We should be on a mission to get back to hard work.  The turn-around is not going to be easy.  We are living in a country that is falling down the list as measured against other countries.  We're 12th in GDP, 6th in innovation and technology and 7th in overall global competitiveness  (And if you're in HR and you don't know what some of these measurements or terms are, then you had better get an education quickly.)  It was not that long ago that the US was 1st in everything.  To lose this much ground is unsettling and it should cause us to want to roll up our sleeves and work hard.  

We're in a war for talent.  Yahoo is implementing the changes to flexible staffing and schedules because they want to know that the talent they are investing in is returning a profit for the company.  Measurement is telling them otherwise, hence the changes.  I would argue, though, that we're not in a war for talent...we're in a war for GREAT talent.  The pool of people who really fit the bill for what an employer is looking for has shrunk. Companies wind up settling in hiring because they just cannot find the superstars needed.

Some of this can be remedied by expectation from the employer.  Not everyone can be the verbose sales manager that wins over a room with his/her personality and charisma.  Not having those traits does not make someone a less desirable candidate.  Can you imagine an office full of Michael Scotts or Chris Varicks or Joe Isuzus? (Google them if you don't know).  It would be way too much.  Superstars run the gamut of personality and approach, but can still produce results.  Dig deeper in interviews; be situational and behavioral in questioning.  This is where the work should happen in bringing the right people on board.
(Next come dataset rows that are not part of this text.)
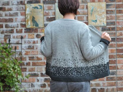 Charlotte is a classic cardigan with a relatively simple cut. Its eye-catching confetti pattern is distinctive. It can be either knitted by using the Fair Isle technique or subsequently embroidered by using the duplicate stitch. I used a combinationi of both techniques. But of course, you may replace the pattern by your own preferences (e. g. stripes). Charlotte is worked in single parts from bottom to top.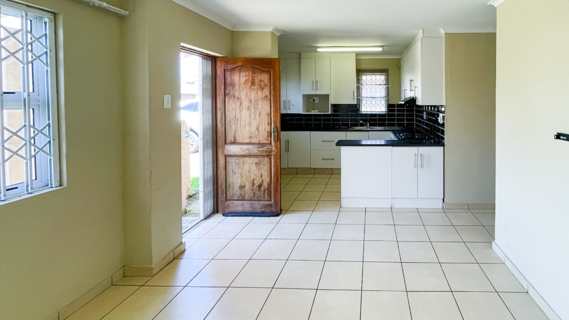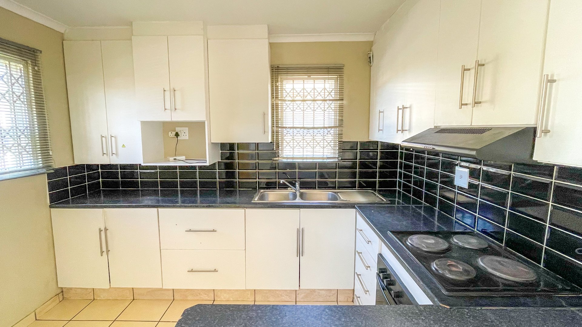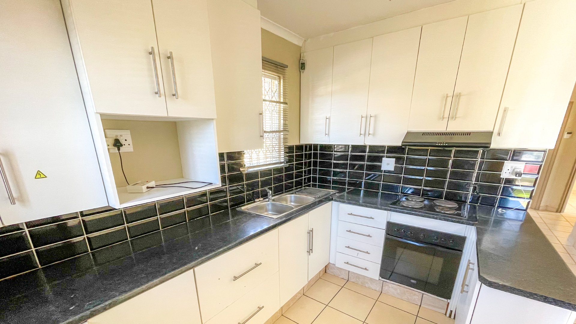 Step through the glass sliders from the brick-secured carport and you’re welcomed into a bright, tiled living area that flows into a modern fully fitted open plan kitchen. With its electric hob, under-counter oven, extractor fan, and sleek cabinetry, the kitchen is both functional and inviting.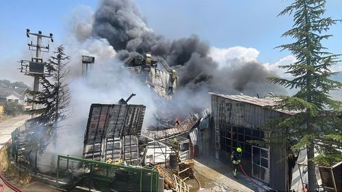 Bolu'da bir medikal fabrikasında çıkan yangına itfaiye ve sağlık ekipleri müdahale ediyor.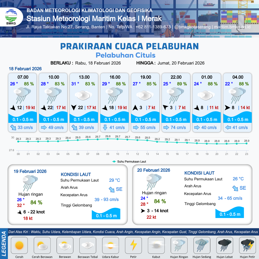 18 Feb 26, 08.00 11 jam yang lalu | Hujan Ringan | Barat Laut 18 kt Gust Peningkatan kecepatan angin yang singkat dan tiba-tiba : 15 kt | | | 10 km | 31 °C | 80 % | +0.10 m |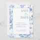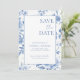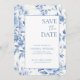 Este refinado cartão azul e branco "Salve a Data" mostra uma elegante borda floral inspirada em toile e um centro nítido e minimalista para os detalhes do seu casamento. Uma tipografia belamente equilibrada emparelha uma escrita graciosa com a letra serif clássica para um eterno, romântico. Totalmente personalizável com seus nomes, data de casamento, local e site, esta design é perfeita para apresentar sua celebração com estilo. Uma escolha ideal para casamentos tradicionais, jardins ou costeiros, criando a primeira impressão perfeita para o seu dia especial.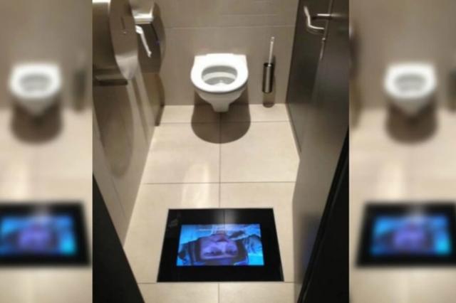 如果你仔细想想,这个创新是相当天才的。每个洗手间的地板上都安装了小的电影屏幕,当你在做你最亲密的事情时,你不会错过任何一部电影。希望屏幕能保持干净。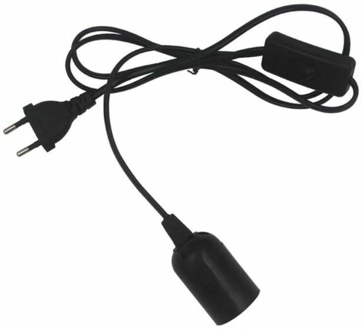 Патрон Е27 с проводом 2 м. вилкой и выключателем (черный). интересное:
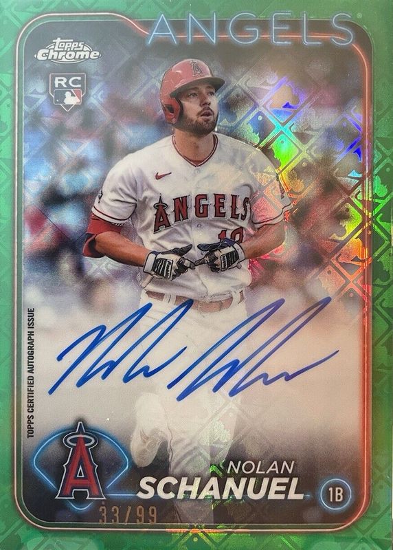 The Nolan Schanuel 2024 Topps Chrome #RA-NS Rookie Autographs - Green Refractor /99 card in Raw condition has not changed in price in the last 30 days and was last sold for $25.00 .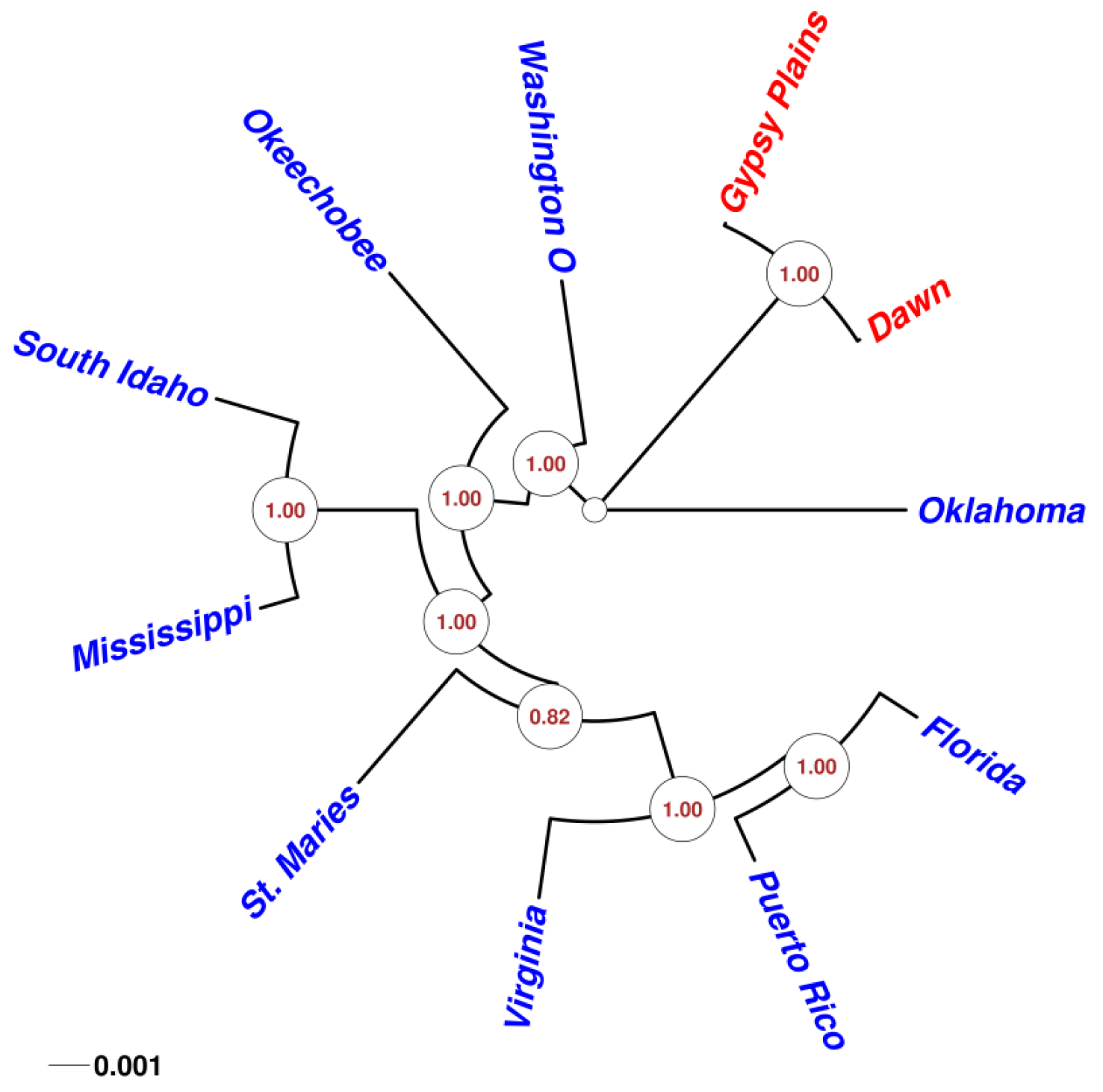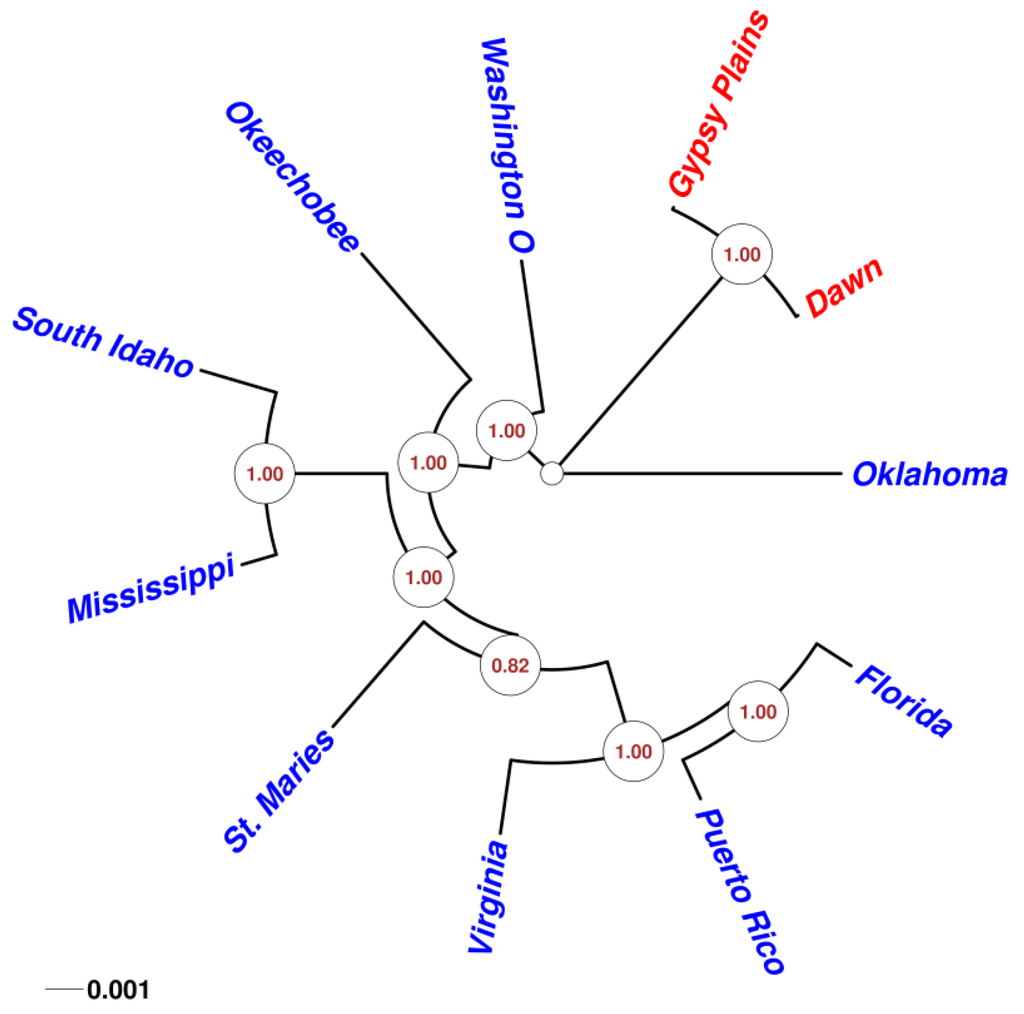 Phylogenetic analysis of 11 sequenced A. marginale genomes. A circular unrooted phylogenetic tree that displays the relationships between all 11 sequenced A. marginale genomes is shown. All but one of the clades generated were resolved in 100% of all tree calculations (1.00 alTR); this was confirmed using bootstrapping analysis. Predictably, the Australian strains, highlighted here in red, fell into their own distant branch in the tree.

Another part of this can be remedied by each and everyone of us.  We've got to work harder.  I'm serious.  There are millions of us who've been infected with the entitlement bug.  Take some antibiotics and move on.  We deserve what we really work for.  One of my favorite business biographies is about Hershey's. Milton Hershey failed seven times in business creation and went bankrupt a couple of times.  And yet, he awoke each day determined to make what he knew would work.  He refined candy making processes, he sought out better ingredients and he went door to door and in every venue he could to showcase his results.  He worked hard for his success.

I know that there are some of you reading this who are already traveling this road and have this perspective.  I see the work you do and I know the results are measurable and real.  Allow me to say "Bravo" for not only your work, but for your example to others.  You are most appreciated and very much needed in our businesses.

For those who will take the time to reflect on this, perhaps it will inspire you to take some action steps.  Have you gotten a bit lazy in your work ethic?  Is there an entitlement issue at the core?  Identify, create a remedy process and seek out accountability in a trusted business friend.  Hold yourself to the highest standard you can; forget about what everyone else is doing or isn't doing.

I believe in working hard.  We work hard to earn a decent living.  We work hard to set an example for future generations so they'll know what it takes to maintain and surpass.  We work hard to influence societal greatness.  We have done it and we can work to do it again.